A new LNG station can cost up to $2 million, and there are only 73 public and 38 private LNG stations in the U.S. A new CNG station costs up to $1 million. About half the 1500 CNG U.S. stations service private fleets of buses, garbage trucks, and delivery vans.

Adding E15 (15 % ethanol, 85 % gasoline), E85, or biodiesel can cost $100,000–$200,000 (underground tanks and pumps need to be replaced), too much for mostly Mom and Pop operations, where more profits are made from junk food than fuel.

This is why E15, biodiesel, hydrogen, CNG, and LNG are sold at less than 1 % of service stations and E85 at less than 3 % of them.

Nearly all heavy-duty vehicles have diesel engines, which are very fussy, and can only burn #2 diesel which is made to very exact specifications. They can’t burn gasoline, nor diesohol (diesel and ethanol), and only a small amount of biodiesel, since heavy-duty diesel engine warranties typically allow B5–B20 biodiesel at most, and biodiesel is often avoided entirely because it can shorten engine life (Borgman 2007), and gets less mileage.

Ships and aircraft are reluctant to use biodiesel, or any non-drop-in fuel, because it’s dangerous and potentially fatal if their engines fail. Railroads don’t want to risk stranding a locomotive, since few spare locomotives exist (Voegele 2011).

Cost to Create Drop-in Fuel

Even if a drop-in fuel can be created, it may be too expensive. Many energy-intensive steps are needed to turn biomass, oil sands, coal, and natural gas into drop-in fuels due to their chemical and physical properties being so different from crude oil in viscosity, lubricity, water content, flashpoint, cetane number, carbon chain length, ash content, cloud point, and other factors.

Natural gas is not a drop-in fuel, but can be converted to one in a Gas-to-Liquid (GTL) plant. These are built near locales with decades of cheap gas (NRC 2009). The $19 billion GTL plant in Qatar only produces 140,000 barrels/day with profits mainly from high-value chemicals, not fuel.

Railroads Can’t Afford to Replace Their Locomotives

As an efficient mover of freight, rail has a lot of advantages going for it. It also has an invisible disadvantage.

Trucks, airlines, and barges use highways, airways, and waterways mostly paid for by taxes and the government. Roads get 62 %, airports 13 %, and water transport 5 % of federal government transportation money. Railroads get nothing.

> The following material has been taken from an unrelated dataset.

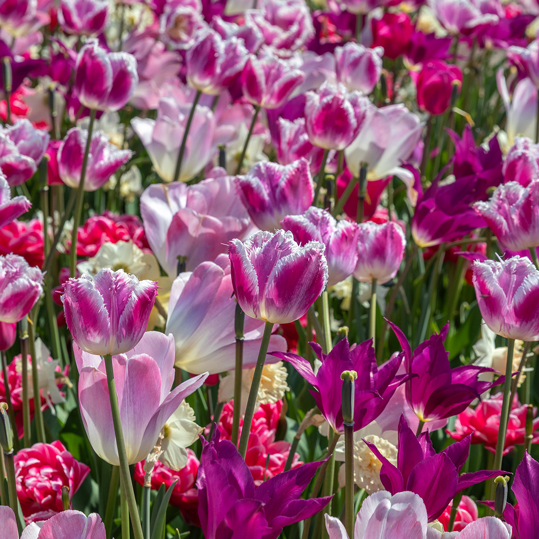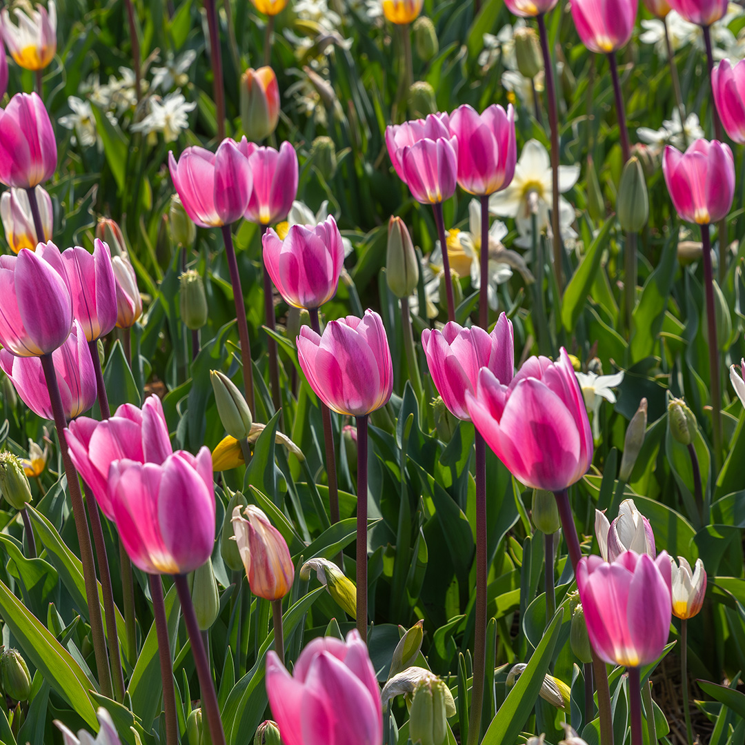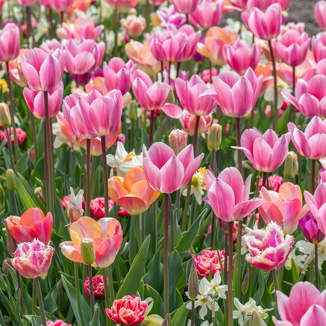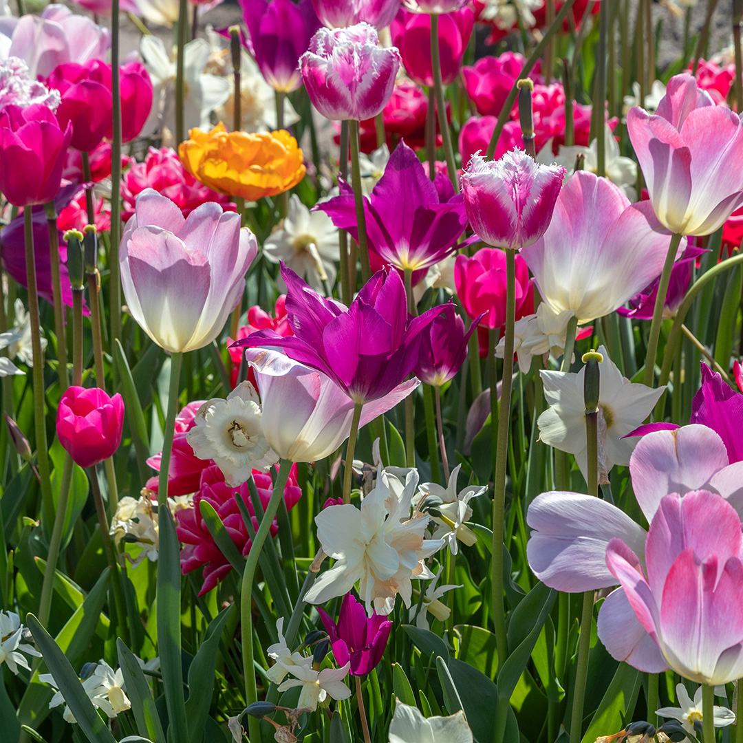 Haal de serene schoonheid van een ontwakende lente-tuin in huis met de 'Sakura' mix. Deze zorgvuldig samengestelde combinatie brengt het beste van twee werelden samen: de statige elegantie van de tulp en de vrolijke, speelse vorm van de narcis. Het resultaat is een harmonieus schouwspel van zachtroze, crème, lila en zalm. De mix varieert van zachtroze tot lila en zalm. Net als de echte Sakura (kersenbloesem) veranderen de kleuren subtiel naarmate de bloemen rijpen, wat zorgt voor een levendig effect. De geselecteerde tulpen en narcissen in deze mix zijn zo op elkaar afgestemd dat ze gelijktijdig bloeien. Geen lege plekken, maar een vol en rijkgevuld bloembed. De strakke kelken van de tulpen vormen een prachtig contrast met de fragiele kronen van de narcissen. Dit geeft de border diepte en een luxe uitstraling. Wil je je tuin transformeren in een romantisch paradijs? De 'Sakura' mix is een mooie combinatie voor wie houdt van een zachte, esthetische voorjaarstuin.

Railroads are privately owned and spend more capital than nearly all other businesses to maintain what they have, yet are less profitable than the average enterprise. Locomotives burn diesel and only diesel. A non-drop-in fuel would require spending $50 billion to replace 25,000 locomotives worth $2 million each, and billions more for a new distribution system. Railroads are already spending over $12 billion dollars to comply with the Rail Safety Improvement Act and meet EPA Tier 4 emissions standards. Additionally, there’s a risk that freight would shift to trucks due to time lost swapping locomotives, refueling more often, and having to charge higher rates.

Conclusion: Time Is Running Out

Finding alternative liquid fuels for military transportation will be even harder than for trucks, rail, and shipping. The U.S. Navy uses 187 types of diesel engines, 30 kinds of gas/steam turbine engines, 7,125 different motors, several types of nuclear reactors in aircraft carriers and submarines, and turbojet, turboprop, turboshaft, and turbofan engines in aircraft. Each of them needs just the right combination of energy content in both mass and volume (CNA 2009).

In an oil shock, trucks, rail, and ships need to be able to run on something else, and post fossil fuels the “something else” needs to be renewable. The next chapters look at fuel options that are already commercial or might be available within 10 years.